There are a few differences, notably that I'm using HalfFloat (An Industrial Light and Magic (ILM) component of OpenVDB), so that the leaf nodes in this structure would be twice as large. I'm not certain if that matters. The are storing two grids, their second grid is a vec3
Here's a few of my numbers on the old work machine - The case still remains that 1.4.0 O2 beats 1.4.3 O3 under a significant number of cases, though not by much. Under 1.4.3 O2 wins a few loses a few, etc.
Here's a look at the differences between the two version when compiled under O2 vs O3 (1.4.0 - 1.4.3).
@terrelln I effectively ran your script, and experienced similar results. BTW, I'm not sure if was copy/paste error, but there's a typo in the second if [ ... ] fi
block where echi
should be exit
And finally, the tabular data in case it reveals anything more -
1.4.0 O3 | 1.4.0 O2 | 1.4.3 O3 | 1.4.3 O2 | |
---|---|---|---|---|
1 | 2592.3 | 2649.3 | 2578.2 | 2561.8 |
2 | 2348.3 | 2396.2 | 2355.3 | 2355.3 |
3 | 2204.3 | 2226.3 | 2218 | 2116.2 |
4 | 2174.1 | 2174.1 | 2152.8 | 2187.9 |
5 | 2085 | 2106.5 | 2053.3 | 1980.8 |
6 | 2044.3 | 2085 | 2064 | 2104.3 |
7 | 2209.5 | 2263.7 | 2218 | 2236.5 |
8 | 2150.9 | 2302.3 | 2256.8 | 2294.9 |
9 | 2302.9 | 2325.1 | 2287.3 | 2341.2 |
10 | 2271.8 | 2294.9 | 2264.7 | 2287.3 |
11 | 2248.8 | 2264.7 | 2264.7 | 2240.6 |
12 | 2294.9 | 2302.3 | 2279.6 | 2295.5 |
13 | 2317.8 | 2325.1 | 2348.3 | 2372 |
14 | 2302.3 | 2336 | 2355.3 | 2372 |
15 | 2325.1 | 2355.3 | 2378.8 | 2409.3 |
16 | 2226.3 | 2240.6 | 2287.3 | 2256.8 |
17 | 2054.6 | 2073.8 | 2125.6 | 2052.2 |
18 | 1358.8 | 1405.3 | 1402.9 | 1280.9 |
19 | 1465.1 | 1495.6 | 1421.3 | 1433.4 |
We have a project to look more into these -O2
/ -O3
differences.
It should start soon, and will give us a better visibility on what's going on and what are the best settings.
On the specific issue of performance comparison between 1.4.0 and 1.4.3, the topic is becoming obsolete, because the next version in v1.4.4 is featuring substantial differences for the decompression algorithm, resulting in a dramatically better speed. As a consequence, the code already merged in dev
branch is no longer comparable.
I would suggest a test of the current code in dev
to ensure that it does indeed provide better performance for your setup too.
@Cyan4973
I'll give that a look sometime soon. If that's the case, should this issue be marked as closed? I don't want it to run on forever now that it has fulfilled its purpose.
Thanks,
Kyle
All,
I was excited to test the new release (1.4.3) in our companies code, expecting the gains touted in the release notes (7% average, if that is correct) compared the the version I'm using, 1.4.0. I made a sample file and compressed it with a few standard options, level 17 for compression as I've found the smallest ratios with that level for my data.

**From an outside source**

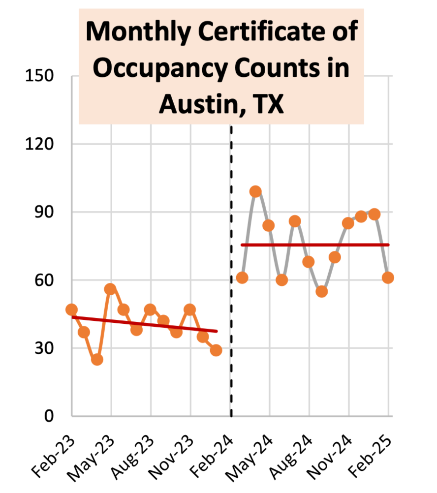 The American Enterprise Institute, a right-leaning think tank, has published its own mini-analysis of the HOME initiative. Unlike the city's own recently-released report, which focused on the number of building permits issued, AEI's report focuses on certificates of occupancy, which more closely reflects the number of new homes that actually built:

The file was compressed with zstd built from source using version 1.4.0, with GCC 8 on CentOS 7, using the same flags on both versions. The data size is about 365 MB uncompressed. Compressed, the file is around 215 MB. I put the file in /dev/shm in attempt to isolate the IO and ran a simple script to time the decompression of the file, delete the uncompressed output, and repeat. The time was reported as the real output from the bash time command. The descriptive statistics between the two experiments are summarized in the table below.
Can anyone comment on why I may be seeing a significant increase in decompression time? The order is on 10%. I am afraid I cannot share the file that was being compressed, but it seems somewhat immaterial.